This book traces the global, national, and local origins of the
conflict between Muslims and Jews in France, challenging the belief
that rising anti-Semitism in France is rooted solely in the
unfolding crisis in Israel and Palestine. Maud Mandel shows how the
conflict in fact emerged from processes internal to French society
itself even as it was shaped by affairs elsewhere, particularly in
North Africa during the era of decolonization.
Mandel examines moments in which conflicts between Muslims and
Jews became a matter of concern to French police, the media, and an
array of self-appointed spokesmen from both communities: Israel's
War of Independence in 1948, France's decolonization of North
Africa, the 1967 Arab-Israeli War, the 1968 student riots, and
Francois Mitterrand's experiments with multiculturalism in the
1980s. She takes an in-depth, on-the-ground look at interethnic
relations in Marseille, which is home to the country's largest
Muslim and Jewish populations outside of Paris.

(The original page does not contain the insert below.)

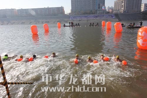 ????昨天上午,來自周口各縣市區及漯河、鄭州的300余名冬泳愛好者齊聚沙潁河,在中州大道橋附近河段展開了一場邀請賽。
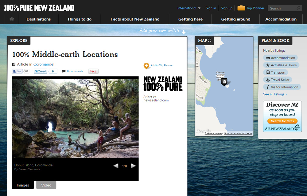 Новую Зеландию прорекламировали как СредиземьеОфициальная кампания, презентующая страну для туристов, перекликается с "Властелином колец" В Новой Зеландии запущен официальный рекламный ролик, презентующий страну для туристов в рамках кампании "Новая Зеландия. 100% чистота". Креаторы решили использовать за основу образ Средиземья - фэнтези-вселенной, созданный в легендарной книге Толкина "Властелин колец". "Получи свой собственный опыт в Средиземье, который будет долго держать тебя завороженным, - обращаются создатели к туристам. - Путешественник, твои мечты ждут тебя тут, в Новой Зеландии". Для тех, кто заинтересовался местами, в которых снят ролик, на официальном сайте проекте приведена подробная информациях о них. Средиземье - место действия основных произведений Толкина — «Властелин Колец», «Хоббит, или Туда и обратно», а также значительной части «Сильмариллиона». Подробности истории, населения и языков Средиземья были описаны Толкином в приложениях к «Властелину Колец», «Сильмариллионе» и изданной посмертно серии «История Средиземья».

She reveals how
Muslims and Jews in France have related to each other in diverse
ways throughout this history--as former residents of French North
Africa, as immigrants competing for limited resources, as employers
and employees, as victims of racist aggression, as religious
minorities in a secularizing state, and as French citizens.
In "Muslims and Jews in France," Mandel traces the way these
multiple, complex interactions have been overshadowed and obscured
by a reductionist narrative of Muslim-Jewish polarization."